We end with a slow crane shot, rising up away from a freshly tongue-lashed group of survivors, as a complex comes into view. Yes, a prison. That’s where we’re headed, folks.

I know I’ve given the show some grief over the past couple episodes, but the prison offers promise of new characters who are hopefully more interesting than the bunch we’ve spent two seasons with already. While I’m somewhat excited to see where Semi-Evil Rick takes us, the promise of fresh meat has me salivating.

Onward! To the prison y’all. But will someone take a moment and go grab Shane’s corpse? I miss him already.


  1. Lahrs

    Finally, I can talk about “the next place.” Yep, heading to the prison, which sets up the whole Governor thing nicely. The prison story arc is I believe going to be much more satisfying for viewers than the farm. It is very brutal, highly infested, and may contain a few other surprises.

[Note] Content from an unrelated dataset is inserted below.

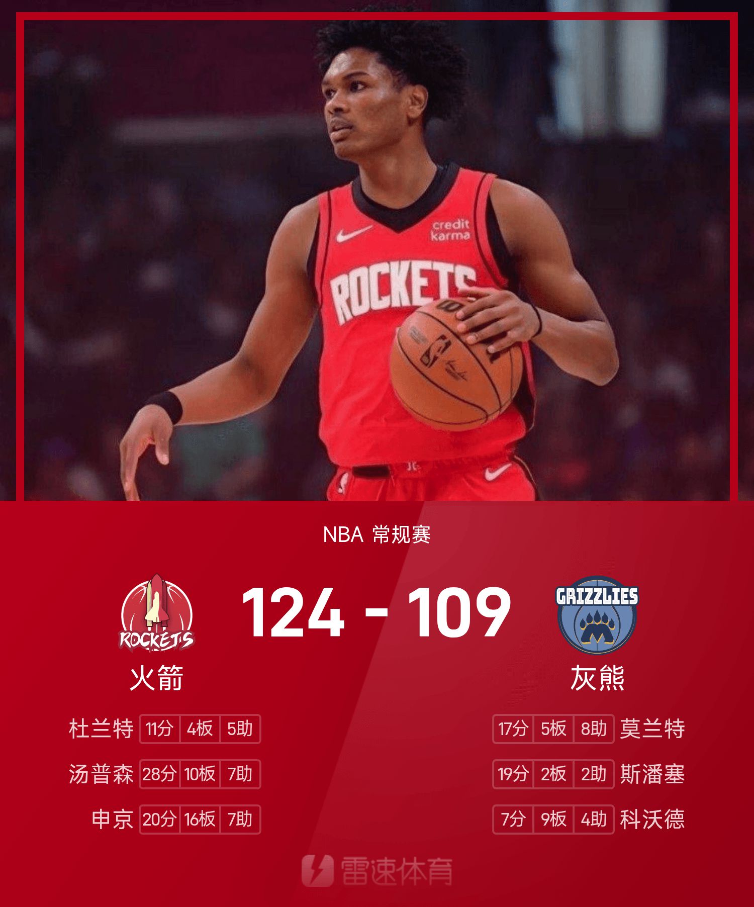 Rockets 124-109 Grizzlies

    My favorite part though was seeing Michonne, talk about bad ass (she was the one with the sword and two chained up walkers). Have they ever mentioned what T-Dog’s real name is? Just curious if it is Tyrone as it would put a few more pieces together.

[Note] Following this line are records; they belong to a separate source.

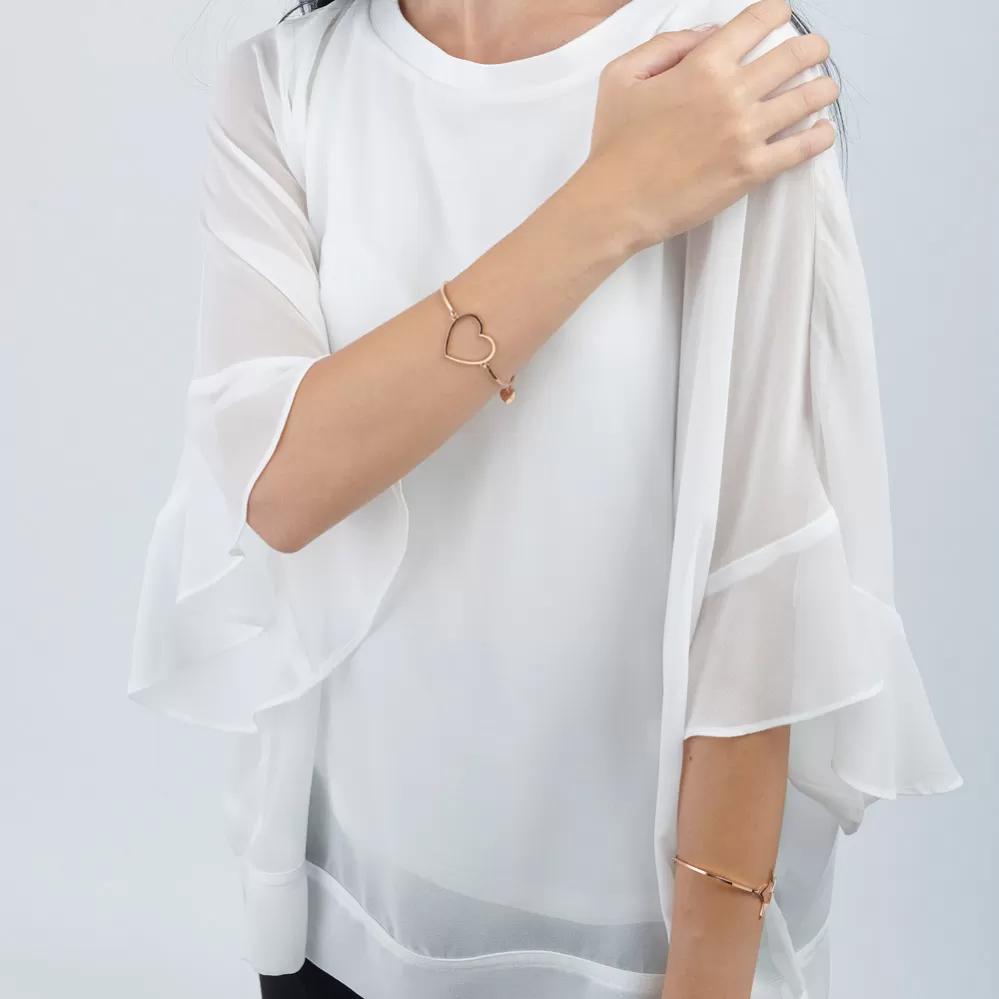 Vysoko elegantný šperk pre ženy je vyrobený z kvalitnej ušľachtilej ocele, ktorá je opatrená povrchovou úpravou vo farbe ružového zlata. Náramok zdobí veľké, neprehliadnuteľné srdce. Dĺžka náramku je 15 cm, s využitím retiazky 3 cm, je možné náramok zapnúť v dĺžke 15 až 18 cm. Nastaviteľná dĺžka má úžasnú výhodu v tom, že nemusíte poznať presnú dĺžku náramku a obdarovaná osoba si dĺžku sama upraví podľa vlastných preferencií. Náramok sa zapína na spoľahlivú karabínu.
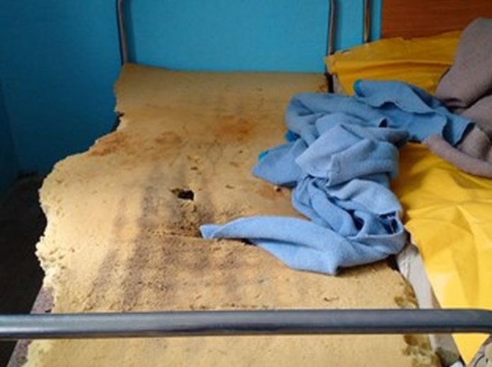 Saloanele şi băile clădirii compuse din parter, două etaje şi un pod se află într-o stare accentuată de degradare, iar în curte se aflau depozitate mai multe paturi din metal, fără spaţii de recreere sau de ocupare a timpului liber pentru pacienţi. Temperatura în saloane era scăzută chiar dacă afară se înregistrau 14 grade, cei mai mulţi pacienţi fiind în paturi îmbrăcaţi şi acoperiţi cu pături.
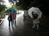 外はどしゃ降り…
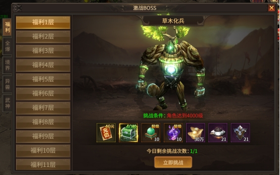 1. 福利BOSS:每日仅可挑战一次,可获取大量充值卡及道具
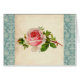 Une belle illustration rose victorienne d'une télécarte est placée sur un arrière - plan âgé avec une frontière de damassé d'aqua ou de turquoise. Une belle conception chic ou vintage minable pour la fille féminine, pourtant élégante, girly !
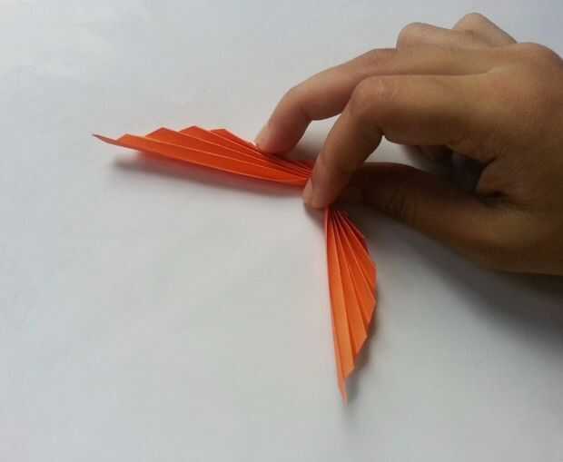 Mantenga el centro del papel doblado y aprieta suavemente para unir los dobleces del centro.
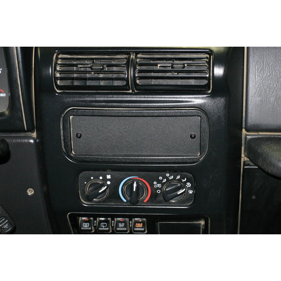 Cover the empty hole left in the dash after a stereo is removed with this cover. The plate can additionally be drilled for mounting switches. (Lights, lockers, air, etc.) Powder coated steel face plate and back tension plate. No drilling, just insert and tighten with the supplied fasteners.
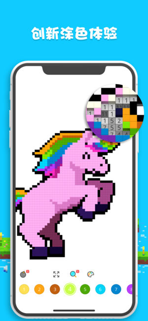 在寫著數(shù)字的像素格子中填入對應(yīng)數(shù)字的顏色,就能完成一幅超棒的彩色像素畫!
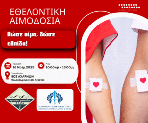 Η ανάγκη για αίμα στα ελληνικά νοσοκομεία παραμένει διαρκής και επιτακτική. Για ακόμη μια φορά, η Εθελοντική Δράση Πάρνηθας σε
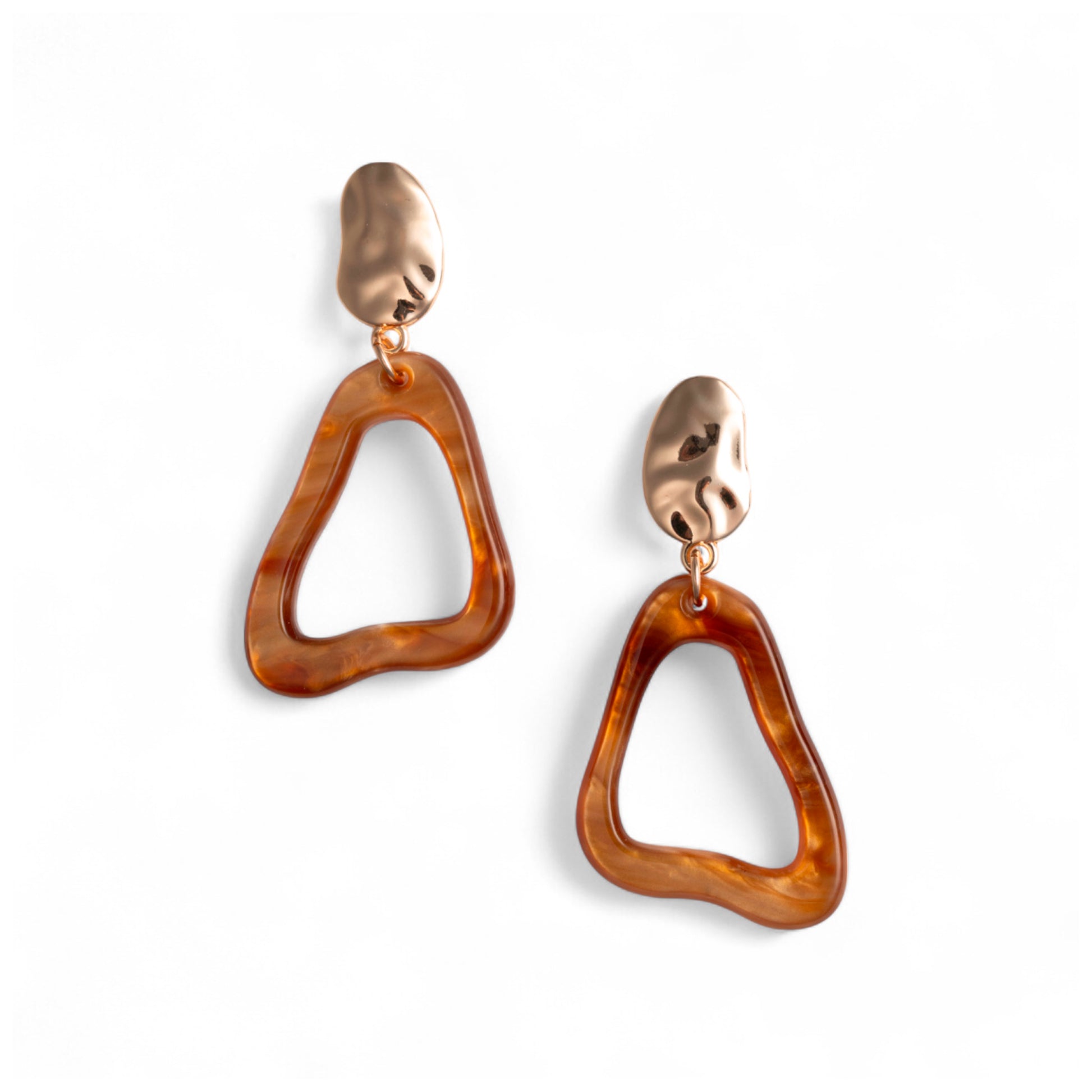 Orecchini pendenti in acrilico dalla forma irregolare, tono ambra
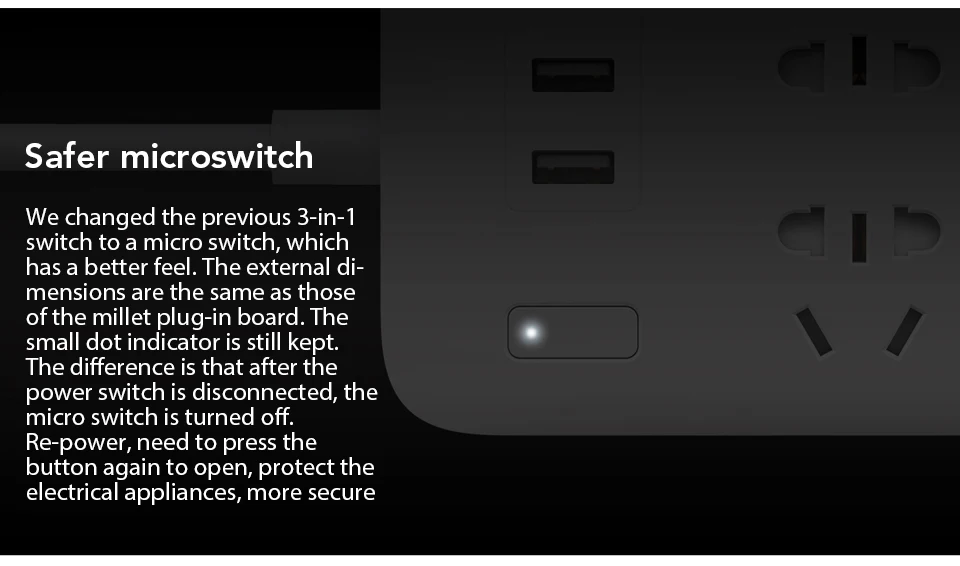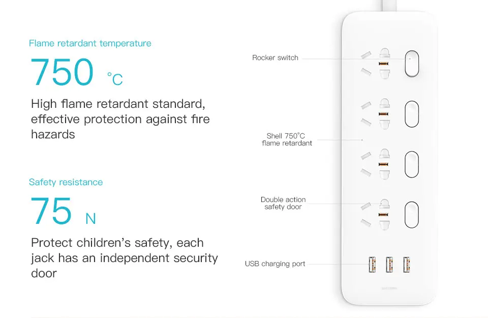 XiaoMi Power Strip met strak wit ontwerp, zo slank als etui6 stopcontacten en 3 usb-poorten met 2A quick opladen functieFosforbrons terminal, koper bar connectiviteit systeemOnafhankelijke veiligheid deuren te houden kinderen weg van het risico van elektrische schokСтатус Subtiele en elegante witte lampje toont werkenВысокая мощность в процентном отношении tot 82 procent20uA lekkage bescherming drempelHoge vlamvertragende standaard tot 750 по Цельсию100 - 220V volledige гаечный ключ sbereikТест штепсельной вилки Passeren (5000 Киров)Противоскользящие подушечки op vier voetenШлифовальный Топ oppervlak en spiegel polijsten behandeling op side oppervlakMooi uiterlijk en eenvoudige voor thuisgebruik en decoratie

    It was a good end, and bodes well for next season. You have to admit, one good thing about writing for a show such as Walking Dead is it is super easy to get rid of the unnecessary characters; kind of an end of season pruning of the cast that other shows do not have the luxury to do.

    This is also about the point in the comic where Rick starts to lose it as well, but geez, everybody puts so much pressure on him to stay alive, and then gets upset with all of his decisions, that has to be so emotionally and mentally draining, not to mention the world in general they are in.

    And Lori… my god, does she need to go, for everyone’s sake. Didn’t she push Rick toward killing Shane to begin with? She was not this annoying at all in the comics. This isn’t a debate on male or female roles in a family, but as she specifically has accepted the role as mother and housewife, she doesn’t seem to have a single clue what is going on with her son, but is the first to panic and put everyone in danger when she can’t find him, repeatedly. Her character annoys the hell out of me. And Chandler Riggs (Carl)… that boy can’t act and it becomes more painful to watch every episode, especially now that he is getting more lines, a more prominent role, and is supposed to be showing more emotional range. I understand the cast praising their fellow cast mates, no matter what, but it doesn’t mean everyone else has to buy it. There are good child actors, plenty of them, and I am sure a show like Walking Dead is a lot more stressful and difficult than a sitcom where they just have to come down stairs, say something cute and funny, and then leave.

    • Lahrs

      You are right. I am fine with the changes. I am not a purist screaming because it is not panel for shot. If anything, I wish Daryl was in the comic, or at least used more in the show.

  2. That whole out of nowhere, cape-wearing ninja with chained zombie bracelets saving the day scene was seriously one of the most bad-ass reveals of all time in my book.

    I don’t know if it was as cool for the comic book readers that already knew about her and were anxiously awaiting her (or maybe it was cooler), but dang . . . I had to watch that scene over and over. Awesome.

    “We’ve officially entered comic book territory.” I said much the same thing to my wife after the last five minutes of the episode. Season two was a bit difficult to get through at times, but that tease to season three right at the end has me salivating.